WHEN Joe Mutizwa was appointed starafricacorporation (Star Africa) chairperson in 2012, a huge announcement was made.
It did not cross his mind at the time that this would be a bumpy ride.
He had to deal with disgruntled creditors who were owed a staggering US$76 million by the firm that had plunged into a crisis induced by a decade-long turbulence which ended with 500 billion percent inflation in 2008.
By its own count, the Ministry of Finance said 4 500 firms closed between 2011 and 2013 — just as Mutizwa was taking the hot seat at one of Zimbabwe’s biggest but troubled companies at the time.
He had to ward off a push by disgruntled creditors to liquidate the Zimbabwe Stock Exchange-listed firm, whose executives had gone off rail by biting more than they could chew.
But following a dramatic bounce back by the firm during the year ended March 31, 2021, the veteran executive told businessdigest that he often regretted taking on the challenge.
If the hands of time could be turned, he would possibly take a different path than agreeing to take another plunge, Mutizwa told businessdigest on Wednesday.
Star Africa lifted inflation adjusted revenue by 23% to ZW$5 billion (about US$58,4 million) during the period, a marked rise from ZW$4,1 billion (about US$47,9 million) during the comparable period in 2020.

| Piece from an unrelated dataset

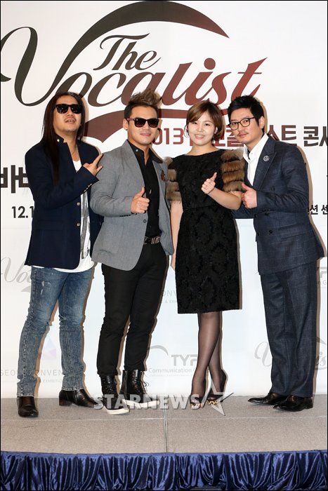 가수 박완규, 이정, 알리, 바비킴(왼쪽부터)이 14일 오후 서울 강남구 한국도심공항 서울컨벤션에서 열린 '2013 더보컬리스트 콘서트' 제작발표회에 참석해 포즈를 취하고 있다.

But a downward adjustment in the fair value on investment properties and a ZW$163 million (US$1,9 million at this week’s official rate) monetary loss triggered by the depreciation of the value of the group’s monetary assets saw its post-tax profit decline to ZW$109 million (about US$1,2 million) during the review period, from ZW$185,9 million (about US$2,1 million) during the comparable period in 2020.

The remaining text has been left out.